Price Overview
The petroleum complex took yesterday’s larger than expected build in API stocks of 4.2 mb in stride, working higher on buying interest linked to potential for improved demand in the 2nd half of 2021 spurred by the US and Chinese economies, and a recovery in economic activity in Europe as the pace of vaccinations picks up. The optimistic tone was supported by Goldman Sachs forecasting that oil demand will see the largest increase ever, rising by 5.2 mb/d over the next few months. The forecast suggested that the easing of international travel restrictions in May would hike jet fuel demand by as much as 1.5 mb/d. The market ignored continuing reports that COVID infections in India were on the rise and instead considered the pace of additional aid from major economic powers to help their efforts to fight the rise in infections and assist in vaccination efforts.
The DOE report showed crude inventories off 1.4 mb/d compared with expectations for a build of .7 mb. Gasoline inventories rose by .1 mb while distillate fell by a sharper than expected 3.3 mb. Total inventories including products fell by 1.6 mb. It was surprising that despite a surge in net imports of crude to 4.1 mb/d from 2.9 mb/d in the prior week, inventories did not increase. Refinery utilization increased to 85.4 percent while total disappearance rose to 20.4 mb/d compared to 18.8, with distillate rising to 4.3 mb/d from 3.9 in the prior week.
Diesel prices continue to show underlying strength as the refiners’ crude oil slate shades to gasoline production. Better demand as we move into the planting season for row crops, the strengthening of biodiesel credits and economic growth are also supporting values.

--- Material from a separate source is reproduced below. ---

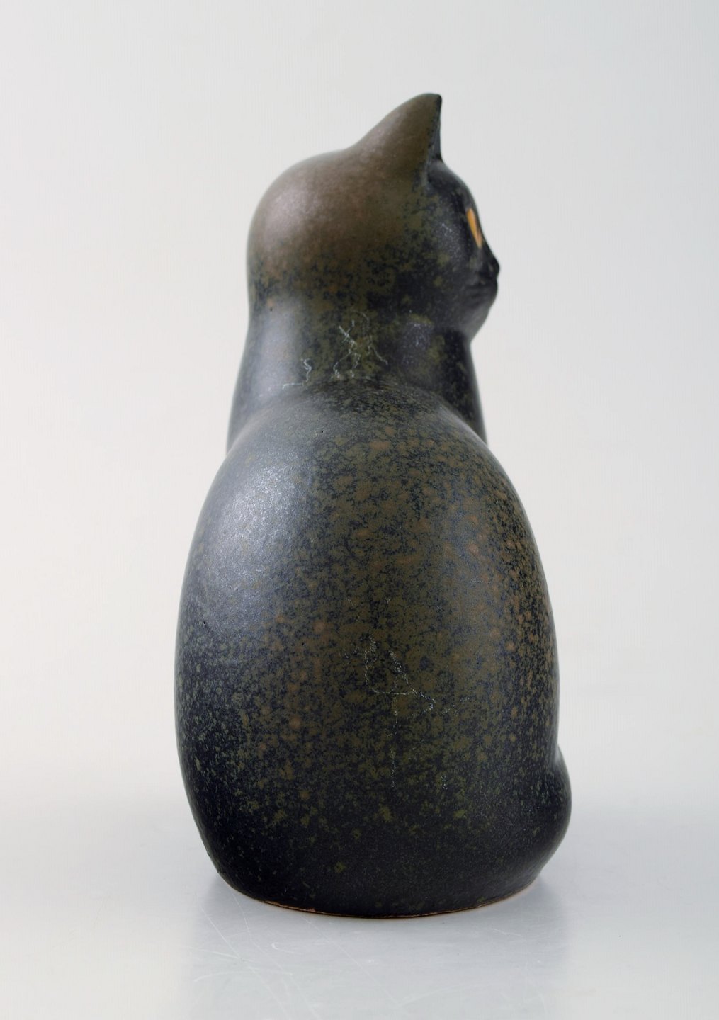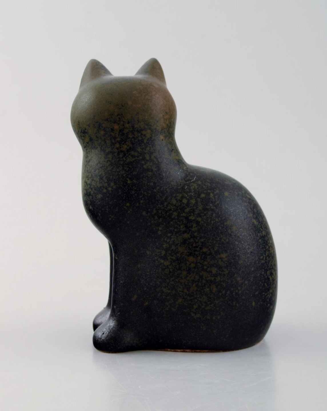 Lisa Larson for K-Studion/Gustavsberg. Kat i glaseret keramik. Sent 1900-tallet. Måler: 14,5 x 10 cm. I flot stand. Stemplet.

Prices are now near the highs established in mid-March when they reached levels not seen since 2019 near $2.00 per gallon despite a historically weak margin or crack spread that currently is at 17.50 per barrel.
Natural Gas
The market continues to impress as new highs for the move were achieved each of the last three sessions. The June contract settled at 2.96, up 2 cents on the day and 12 cents for the week. LNG continues to be the story as flows come in near maximum capacity every day. The outlook into the summer shows ample premiums of European and Asian prices over US levels, with exports expected to remain near capacity into the fall. Recent drawdowns in European stocks due to cold temperatures have amplified the amount of gas they will need to replenish stocks to safe levels by the fall, further solidifying the positive outlook for US exports. Production will also be monitored closely, with recent minor slowing due to seasonal maintenance offering underlying support. Concerns regarding temperatures and hurricanes will begin to creep into the narrative as we inch closer to the summer injection season and forecasts begin to take shape. With the RSI near 80 percent and prices recoiling from the run at the 3.00 level this morning, a near term retrenchment looks likely, with the 2.80 area a likely backstop. With the help of speculative interest, the rally looks poised to resume, with the February double top at 3.082 the next target.